SUPPLIED MATERIAL:
=-=-=
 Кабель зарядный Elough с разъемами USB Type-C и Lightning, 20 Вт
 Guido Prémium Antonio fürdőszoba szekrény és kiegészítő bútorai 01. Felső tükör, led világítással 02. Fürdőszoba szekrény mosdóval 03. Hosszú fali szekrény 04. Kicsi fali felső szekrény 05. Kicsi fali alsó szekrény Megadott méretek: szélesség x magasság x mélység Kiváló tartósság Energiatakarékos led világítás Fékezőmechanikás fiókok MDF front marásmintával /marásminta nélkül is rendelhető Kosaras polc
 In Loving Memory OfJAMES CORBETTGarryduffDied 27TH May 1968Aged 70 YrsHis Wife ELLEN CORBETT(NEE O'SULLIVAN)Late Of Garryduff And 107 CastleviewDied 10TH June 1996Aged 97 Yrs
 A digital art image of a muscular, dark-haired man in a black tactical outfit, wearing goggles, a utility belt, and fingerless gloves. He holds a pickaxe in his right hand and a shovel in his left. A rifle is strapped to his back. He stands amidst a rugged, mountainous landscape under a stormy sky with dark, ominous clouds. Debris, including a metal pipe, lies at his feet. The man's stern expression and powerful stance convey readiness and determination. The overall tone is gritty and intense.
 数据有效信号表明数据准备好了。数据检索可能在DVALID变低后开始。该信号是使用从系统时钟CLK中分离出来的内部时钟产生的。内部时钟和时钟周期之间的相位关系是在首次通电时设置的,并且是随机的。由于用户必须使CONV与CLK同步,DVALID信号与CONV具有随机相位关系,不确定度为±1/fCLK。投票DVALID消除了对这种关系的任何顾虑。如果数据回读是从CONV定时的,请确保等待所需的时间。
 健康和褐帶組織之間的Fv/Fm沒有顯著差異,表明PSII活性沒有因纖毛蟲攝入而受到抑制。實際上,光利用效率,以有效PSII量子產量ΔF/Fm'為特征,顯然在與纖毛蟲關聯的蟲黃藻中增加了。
=-=-=
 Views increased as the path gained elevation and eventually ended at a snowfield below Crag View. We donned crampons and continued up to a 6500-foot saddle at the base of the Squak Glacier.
=-=-=
REQUIREMENT: Using the data above, reproduce exactly the lines from the line that contains "Кабель зарядный Elough" through the line that contains "健康和褐帶組織之間的Fv/F", including both.

EXPECTED ANSWER:
 Кабель зарядный Elough с разъемами USB Type-C и Lightning, 20 Вт
 Guido Prémium Antonio fürdőszoba szekrény és kiegészítő bútorai 01. Felső tükör, led világítással 02. Fürdőszoba szekrény mosdóval 03. Hosszú fali szekrény 04. Kicsi fali felső szekrény 05. Kicsi fali alsó szekrény Megadott méretek: szélesség x magasság x mélység Kiváló tartósság Energiatakarékos led világítás Fékezőmechanikás fiókok MDF front marásmintával /marásminta nélkül is rendelhető Kosaras polc
 In Loving Memory OfJAMES CORBETTGarryduffDied 27TH May 1968Aged 70 YrsHis Wife ELLEN CORBETT(NEE O'SULLIVAN)Late Of Garryduff And 107 CastleviewDied 10TH June 1996Aged 97 Yrs
 A digital art image of a muscular, dark-haired man in a black tactical outfit, wearing goggles, a utility belt, and fingerless gloves. He holds a pickaxe in his right hand and a shovel in his left. A rifle is strapped to his back. He stands amidst a rugged, mountainous landscape under a stormy sky with dark, ominous clouds. Debris, including a metal pipe, lies at his feet. The man's stern expression and powerful stance convey readiness and determination. The overall tone is gritty and intense.
 数据有效信号表明数据准备好了。数据检索可能在DVALID变低后开始。该信号是使用从系统时钟CLK中分离出来的内部时钟产生的。内部时钟和时钟周期之间的相位关系是在首次通电时设置的,并且是随机的。由于用户必须使CONV与CLK同步,DVALID信号与CONV具有随机相位关系,不确定度为±1/fCLK。投票DVALID消除了对这种关系的任何顾虑。如果数据回读是从CONV定时的,请确保等待所需的时间。
 健康和褐帶組織之間的Fv/Fm沒有顯著差異,表明PSII活性沒有因纖毛蟲攝入而受到抑制。實際上,光利用效率,以有效PSII量子產量ΔF/Fm'為特征,顯然在與纖毛蟲關聯的蟲黃藻中增加了。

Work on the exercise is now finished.